This book is the little book that could. Right from the beginning I was intrigued as to how well a stand alone Magneto title could possibly do. But month after month, I have been pleasantly surprised to it being a proper comic book. This week’s issue is no different, delivering its story heavy with the overtone of the looming Marvel event, AXIS.
Mike Perkins and Andy Troy do a great job of giving the overall feeling of the story told through the cover. Magneto is a man that is constantly haunted by his past, as can be attested to the multiple times he changes his tune from good to bad in the course of his character’s publication history. His children, Wanda and Pietro, and his most vibrant flame, Rogue, stand over a clearly disturbed Magnus, which makes for a great image.

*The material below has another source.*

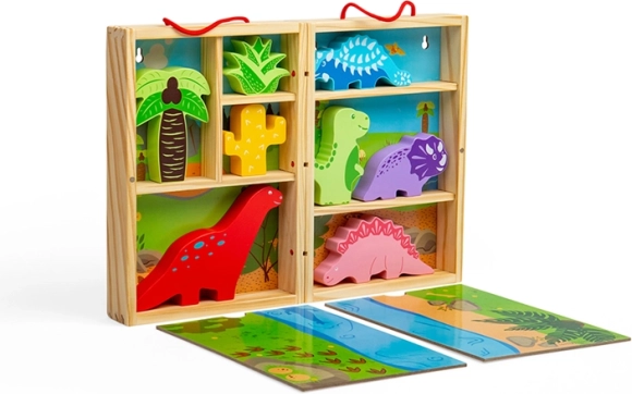 Deze draagbare speelgoedbox met dinosaurus-thema is ideaal voor kinderen vanaf 18 maanden die de wereld van dinosaurussen willen ontdekken en hun creativiteit en verbeelding willen ontwikkelen. Stimuleert creativiteit en verbeelding, dankzij het ontwerp gemakkelijk mee te nemen en ideaal voor op reis.

Cullen Bunn has been at the helm of this book since it’s debut in March of this year. Bunn has singlehandedly put Magneto on the path of righteous vengeance, as he perceives it. This has taken the character into some unseemly areas, tackling people like The Purifiers, and finding other groups that have done wrong against mutantkind and punishing them. I have said before that his quest is very 90’s Punisher in style, but with more of an underlying pretense. The past that haunts Magento is filled with bad choices, that resulted in horrible consequences, where as Frank Castle enacts the same type of ‘justice’ a lot less burdened by choice or consequence.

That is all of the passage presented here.